Experts offer do's and don'ts of employment verification

Recently, Immigration and Customs Enforcement officials audited the popular burrito chain, Chipotle Mexican Grill, Inc., which fired hundreds of illegal workers as a result. Using Chipotle as a cautionary tale, employers cannot turn a blind eye to illegal workers, as Chipotle allegedly did - one woman claims she gave the company two false social security numbers when applying for positions within the company.

As federal and state governments crack down on workers unlawfully employed in the United States, employers should take extra care that they are covering all of their bases lest they be subject to large fines or even jail time.

Even though only the federal government can regulate immigration, some states, like Arizona, passed even more stringent immigration laws, when the state last year notoriously approved SB 1070. Though court rulings have prevented key provisions from implementation, the Arizona controversy took enforcement of federal law a step further.

"One of the biggest legal challenges to the Arizona law is: Can a state pass immigration laws, or is the Federal government the exclusive body to regulate in the arena of immigration?" questions Bruce A. Larson, associate at the Irvine, Calif., office of Fisher & Phillips LLP.

Experts believe the Arizona case most likely will end up before the Supreme Court, at which time employers will have a better grasp on whether states can regulate or enforce immigration laws.

As it currently stands, the Department of Homeland Security confirms that more than 238,000 employers now use E-Verify, an Internet-based system that allows employers to authenticate information reported on an employee's Form I-9, or Employment Eligibility Verification, to determine eligibility to work in the United States.

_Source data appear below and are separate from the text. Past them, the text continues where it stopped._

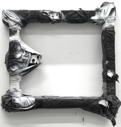
Fig. 1 (Below)

I still plan on linking the 4 works with the same binding I used with the individual works (i.e connecting them with sinuous strands of bin-liners). This will be explored once full-size works are completed.
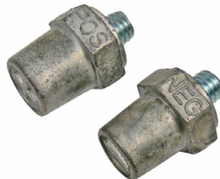
Adapts Side Mount Batteries For Conventional Cables Polarity Specific For Exact Fit (1 each pos & neg)
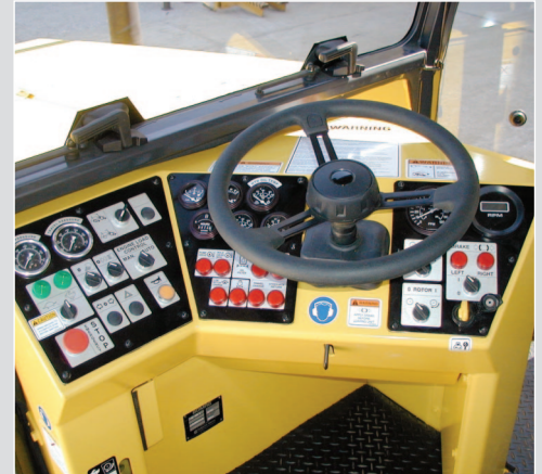
Convenient positioning of operational controls and indicators for increased comfort and productivity.

In all cases, employers must have a properly completed I-9 form for all current employees and must retain I-9s for former employees for either one year after termination or three years after hire, whichever is later. Thus, the onus for complying with federal employment verification law lies solely with employers - a disconcerting reality, given that I-9 audits have increased in recent years.

"In one way, yes, [E-Verify] gives [employers] a tool to make sure they're not hiring someone illegally, but it's not failsafe, and if something does happen, all the consequences go to the employer. In that way it gets a little bit tricky," says Shannon Hickey, an office administrator and legal assistant for a criminal, immigration and personal injury firm, who has extensive experience in dealing with the nuances of immigration laws and enforcement, and who adds that she's previously lost co-workers who failed the E-verify test, a very "personal thing, because they were part of the family and part of our crew."

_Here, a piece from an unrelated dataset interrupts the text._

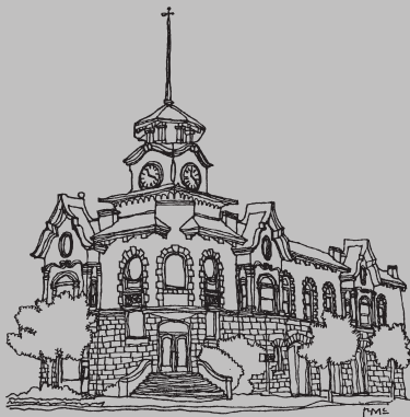
Old Gilroy City Hall - 1905

On a professional level, "the law just makes everything a little bit more complicated," she adds.

There's a lot more paperwork, for one. Forms are constantly being updated, and an HR/benefits manager who is required to E-Verify - either by state law or company policy - needs to relentlessly monitor the DHS website. There are multiple retraining opportunities through webinars, but for the most part, employers are responsible for updates.

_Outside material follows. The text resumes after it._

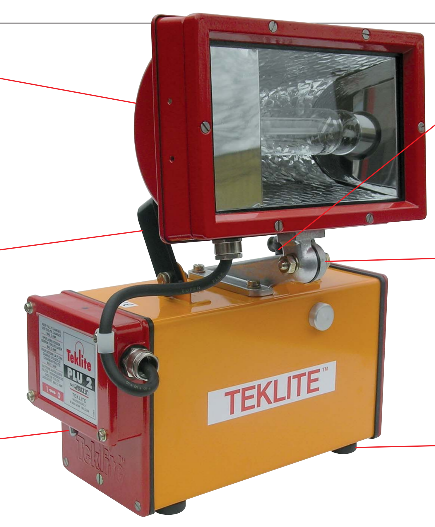
PLU 2 models
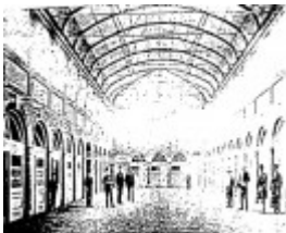
Mining Exchange04 - Mining Exchange interior shortly after opening (the date '1887' has been written on the original photo; obviously erroneous) This view clearly show the layout of the booths and their original joinery - Ballarat Conservation Study, 1978

"The verification process is even more complicated for the employer because you're not supposed to be involved in it," Hickey says. "The main point is not to discriminate even though the law is set up to discriminate."

 

Don't act on doubts alone

Federal law states that employers must verify an employee's eligibility to work no more than three days after hire.

"For HR managers, when [a new hire] comes in that's the first thing we do, because [a company] could get stuck between a rock and a hard place," Hickey says. "You have to get it done right away, and if you don't, then you're in real trouble."

And what happens when a red flag is raised during the verification process? "Handling a ... red flag is very tricky, and there are very strict guidelines that have to be followed when that happens. Basically, the employer has to take a step back and do everything through this government process and these forms," Hickey says.

Among those government processes and forms are "no-match" letters, officially known at the Social Security Administration as "Employer Correction Requests." When an employer receives a no-match letter, it means that the Social Security number the employer provided for an employee doesn't match SSA's records.

SSA recently has begun sending no- match letters again, after the practice was suspended in 2007 due to legal challenges. However, the new letter specifically details that the employer cannot use the letter to take an adverse employment action, like firing the employee. Rather, an employer can only inform the employee to go to a local SSA office to resolve the situation.

Unfortunately, the revamped letter does not tell an employer what to do if an employee does not take care of the no-match problem. Experts recommend discussing the letter with the employee, making sure to document the conversation by having him sign a document attesting that he saw the letter and was told to address the situation. Further, explain to him his rights and that the employer can't make any termination decisions until they hear from the government.

Larson recommends employers give an employee up to 90 days to address a "no match" situation, being careful to document all steps in the process to show a good faith effort to comply.

An H1-B employee is a worker who is eligible to work in the United States under a temporary work visa. When hiring an H1-B employee, employers should follow traditional processes, but instead of a Social Security number, enter a work visa ID, and reverify the ID once the expiration date comes up.

If an employer is audited and caught knowingly hiring undocumented workers, then they could face six- or seven-figure fines, or even jail time.